Do not chase your partner(s). If they say that they cannot discuss this right now, they probably mean it, and any amount of chasing them around the house will not change that (and can hurt your relationship). Give it a break and try again later. However, do not allow this to become an excuse for avoiding difficult conversations.
Create space in your negotiation for “illogical” emotions (which are rarely as illogical as they might seem at first). Admit the emotions you are feeling. Practice listening without judging or interrupting. Acknowledge your partner’s emotions without feeling like you need to necessarily do something about them, or that you need to fight them. Do not try to make all your arguments logical, and do not try to use logical arguments to conceal your emotions on a subject.
Dig into the reasons behind your negotiating position. If you can establish a chain of reasons for the way you feel, often this will provide creative solutions that are satisfactory at a different level than the initial concern that started the negotiation. Ask your partner(s) to describe into their reasons, and then listen to those reasons non-judgmentally. Do not try to devalue your partner(s) arguments by trying to show they are baseless.
Bring a can-do attitude to negotiations. What can you do to make your partner feel safer, more free, or more loved? What compromises can you make? What relatively small things can you compromise on in order to get the big things you want? Even if you cannot get the big things, what would you be happy with to start? Always bring some level of compromise to the table: sticking to a hard line will only ensure that you remain at an impasse. This does not mean you should let someone else walk all over you.
Be willing to not solve the problem in this round of negotiations. Bridging hard differences will take a number of periodic negotiations, sometimes over the course of months or years. Also, try to keep the negotiation short.

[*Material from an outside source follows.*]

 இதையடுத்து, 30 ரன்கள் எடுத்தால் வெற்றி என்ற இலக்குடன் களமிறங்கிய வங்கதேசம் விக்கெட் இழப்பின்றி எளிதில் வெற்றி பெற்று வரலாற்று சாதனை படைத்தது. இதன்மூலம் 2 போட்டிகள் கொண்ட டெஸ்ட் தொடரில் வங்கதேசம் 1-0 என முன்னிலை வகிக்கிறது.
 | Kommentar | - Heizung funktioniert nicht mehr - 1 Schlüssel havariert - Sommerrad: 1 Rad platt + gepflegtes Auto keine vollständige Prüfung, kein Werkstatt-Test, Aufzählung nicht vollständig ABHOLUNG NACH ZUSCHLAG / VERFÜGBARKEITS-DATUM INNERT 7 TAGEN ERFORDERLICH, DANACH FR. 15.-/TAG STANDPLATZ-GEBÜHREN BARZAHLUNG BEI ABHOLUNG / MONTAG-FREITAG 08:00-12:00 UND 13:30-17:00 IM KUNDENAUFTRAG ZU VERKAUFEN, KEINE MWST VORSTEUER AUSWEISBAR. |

Negotiate for the short term. People tend to assume that whatever they are figuring out will apply to the rest of the relationship, and this tends to put people at an impasse. Make agreements that only last for a certain amount of time: a week, a month, two months. Negotiate for certain events, like a weekend away. Make it clear that what is determined only applies within the time limit, and you will need to renegotiate when the time limit is up.

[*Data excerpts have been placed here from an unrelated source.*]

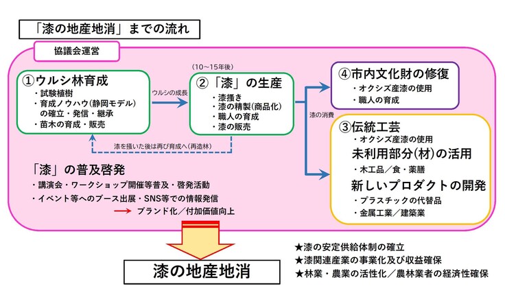 市内に所在する数々の文化財建造物の維持に必要な「漆」を、人口減少に悩むオクシズで育て、「オクシズ産漆」として商品化し、地産地消サイクルの構築による地域活性化と、文化財の維持という複数の課題を解決する取り組みとしていきます。
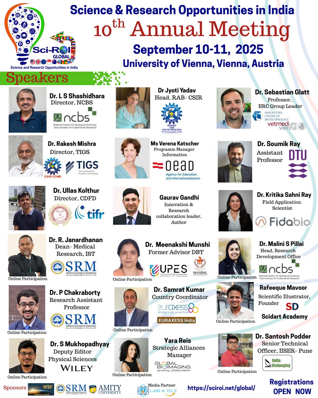 Sci-ROI Global 2023 Annual Event (in-person)SciROI is thrilled to announce that our 8th annual event will be held in-person at St. Jude Children’s Research Hospital, Memphis, Tennessee, USA on 30th September and 1st October. The event will bring together eminent directors of leading Indian institutes, representatives of funding bodies, industry, and recently established faculty members as esteemed speakers and panelists. Don’t miss this unparalleled opportunity to engage with influential leaders and learn more about the STEM ecosystem in India. Learn more about this event HERE |
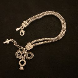 7” SilverTone Double Strand Charm Bracelet…heart,crown,Diamond Ring,& Cross$18New Haven, CT
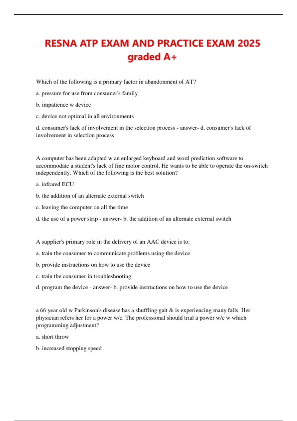 RESNA ATP EXAM AND PRACTICE EXAM 2025
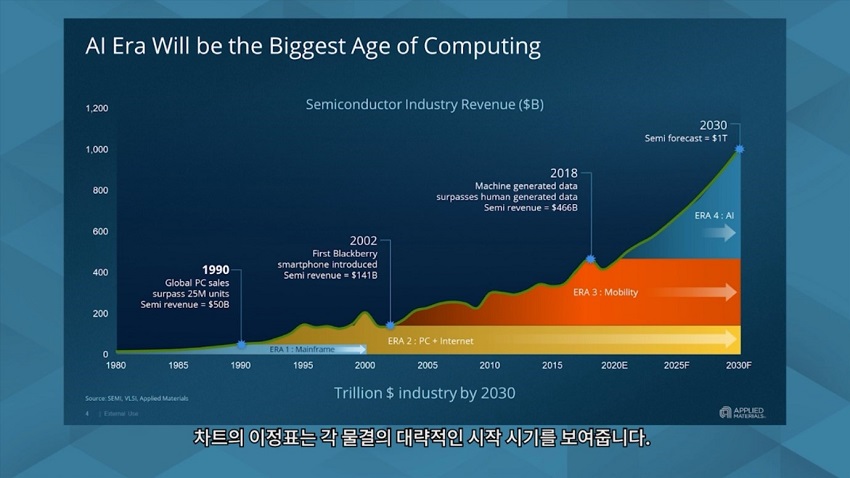 반도체 산업은 4번의 컴퓨팅 물결과 함께 성장했으며 각 물결은 이전보다 거의 두 배에 달하는 매출 성장을 이끌었다. 메인프레임 컴퓨팅에서 PC와 모빌리티에 이르기까지 우리는 이제 수천억 개 디바이스가 연결된 AI 시대에 살고 있다.
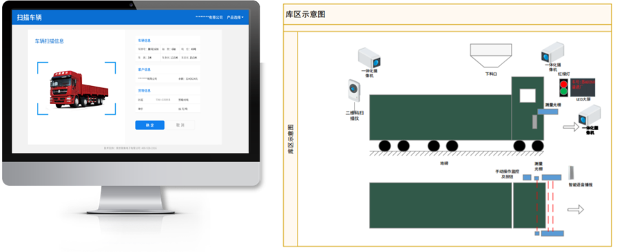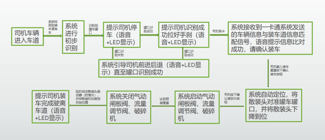 司機(jī)刷碼上磅時(shí),控制系統(tǒng)會(huì)根據(jù)庫下面的光幕、紅外傳感器等設(shè)備檢測到車輛停的位置,并通過LED顯示屏及語音自動(dòng)提示車輛停到指定的位置。當(dāng)車輛到達(dá)指定位置,司機(jī)準(zhǔn)備好可以裝車,系統(tǒng)自動(dòng)測量車輛長度、高度,測量車廂長度、高度,獲取輪軸數(shù)據(jù)(車輛荷載噸位數(shù))、車牌信息,記錄完成,卸料口開始裝車,當(dāng)物料達(dá)到車廂高度時(shí)移動(dòng)小車帶動(dòng)皮帶機(jī)及散裝機(jī)水平移動(dòng)裝車,直至裝滿整個(gè)車廂。如果未能停到指定位置,LED及語音進(jìn)行反復(fù)提示并在設(shè)定的時(shí)間后通知管理人員。

Leave space for reopening negotiations. Leaving a space open for renegotiation prevents people from feeling trapped, which helps them honor any agreements. Creating a hard permanent rule just encourages your partner(s) to break it. Of course, this should not be abused: do not try to open a renegotiation just to take advantage of a particular situation.

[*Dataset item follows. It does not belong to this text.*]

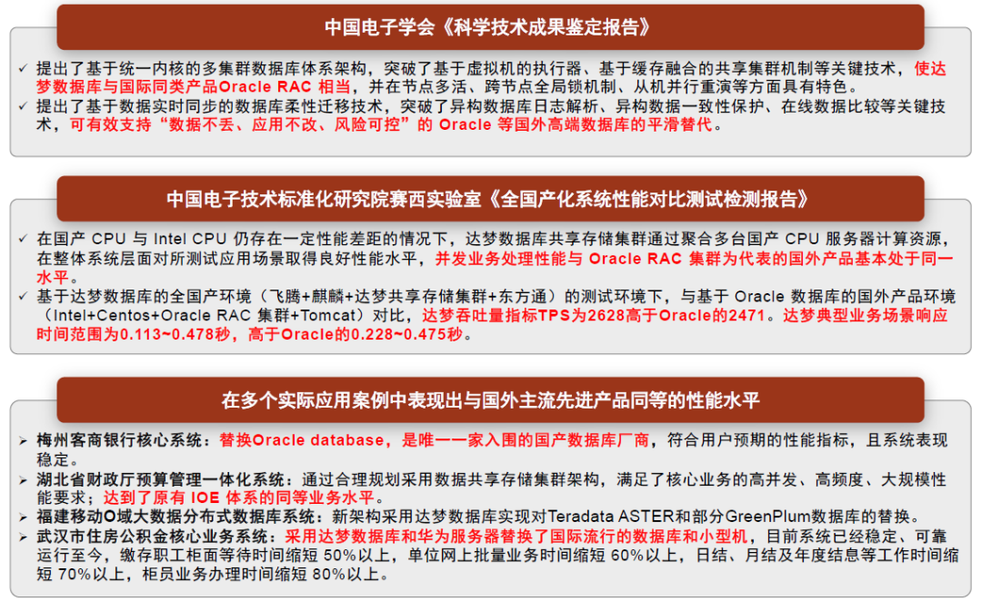 图表17:DM8技术领先性得到三方评测机构和下游客户的认可,能够实现对Oracle的平滑替换

Do not allow D/S dynamics to derail your negotiation. If it is not possible to take a short negotiating hiatus from the D/S dynamic (which is the case in many D/S relationships), then somehow work it into your D/S practice. For example, by having a mechanism where the submissive can make nonmonogamy requests of the dominant, which are judged on a case-by-case basis.
Negotiate even when there is no obvious need. Not only does this keep you in practice, but it gets you to brainstorm possible scenarios, which can be the key to avoiding nasty surprises later.
People will always hear different things. We seem to always interpret agreements in our own personal best interest. Be specific when negotiating. If you find that one or both (or all) negotiators have divergent interpretations after the fact, take to writing things down. Do not be surprised or derailed when this sort of divergence happens, as it almost certainly will.